SLUAAC9 March 2021 TPSM5D1806
The fundamental operation of buck regulators is discussed in detail in other application reports (3). While not covered in detail here, an understanding of the basic buck operational waveforms is useful for the discussions in this report. Figure 2-1 shows the basic synchronous buck power stage and the simplified waveforms of the inductor current (iL) and switching node (vSW) in steady state continuous-conduction mode (CCM) conditions. For simplicity, dead times and resistive components such as MOSFET on-resistances and the inductor DC resistance have not been considered in the analyses and equations in this report.

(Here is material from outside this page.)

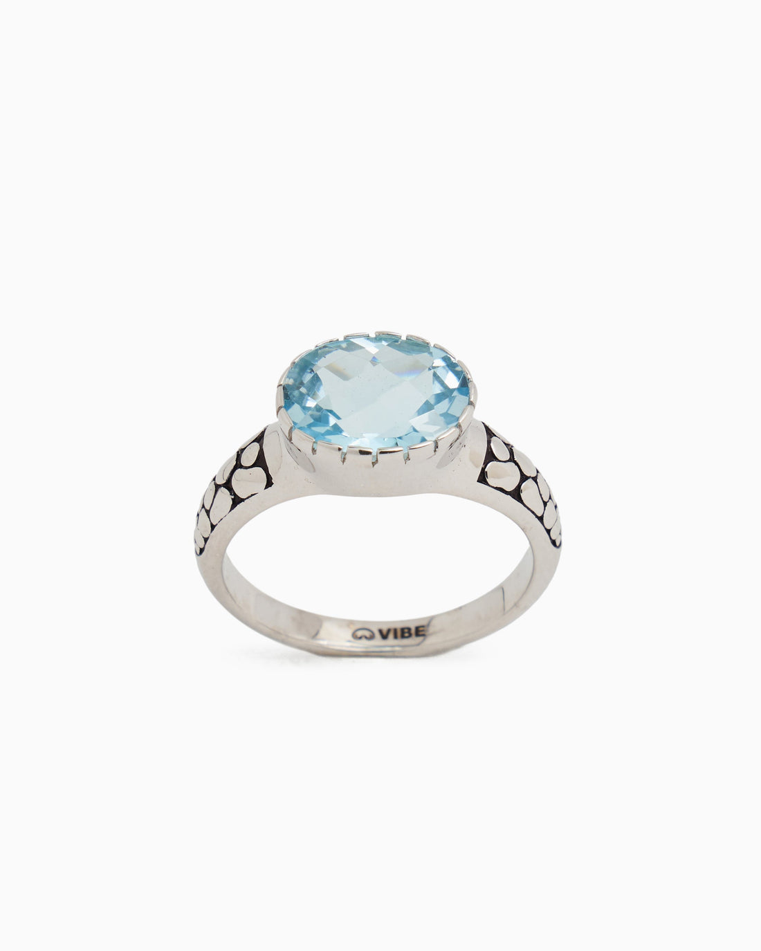 The Water Stone Ring with Turtle Texture showcases a faceted oval sky blue topaz stone...
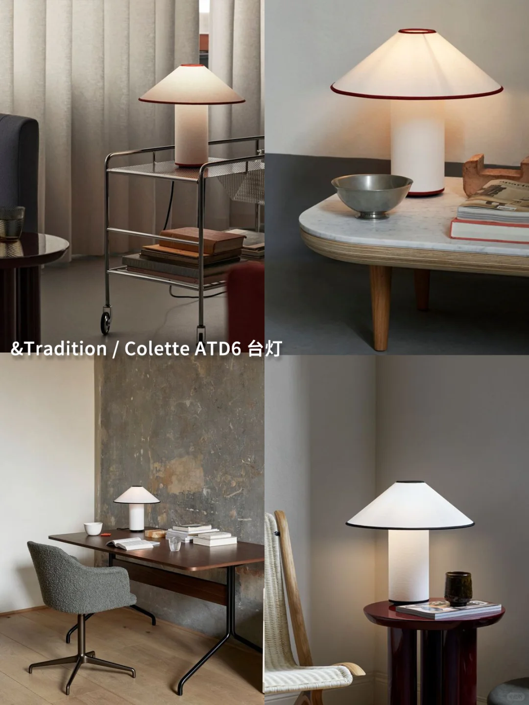 ⚪&Tradition / Colette ATD6 台灯:复古+优雅的外观,灯光光感温润,作为角落的补充光或桌灯,也不会因为风格太突兀而显得违和

During the on time, tON, the high-side (HS) MOSFET is on and the low-side (LS) MOSFET is off. In this state, a positive voltage VIN-VOUT exists across the inductor, which causes the inductor current to ramp up. During the off-time, tOFF, the HS MOSFET is off and LS MOSFET is on. With the switching node at ground, the voltage across the inductor is -VOUT, which causes the inductor current to ramp back down. The switching period, tSW, is the sum of tON and tOFF and is the inverse of the switching frequency, FSW. The duty cycle, D, can be defined as D = tON / tSW. In a real buck regulator, the on and off times are dynamically set by the buck’s control loop circuitry, which then generates signals to the gate drivers that turn the power MOSFETs on and off.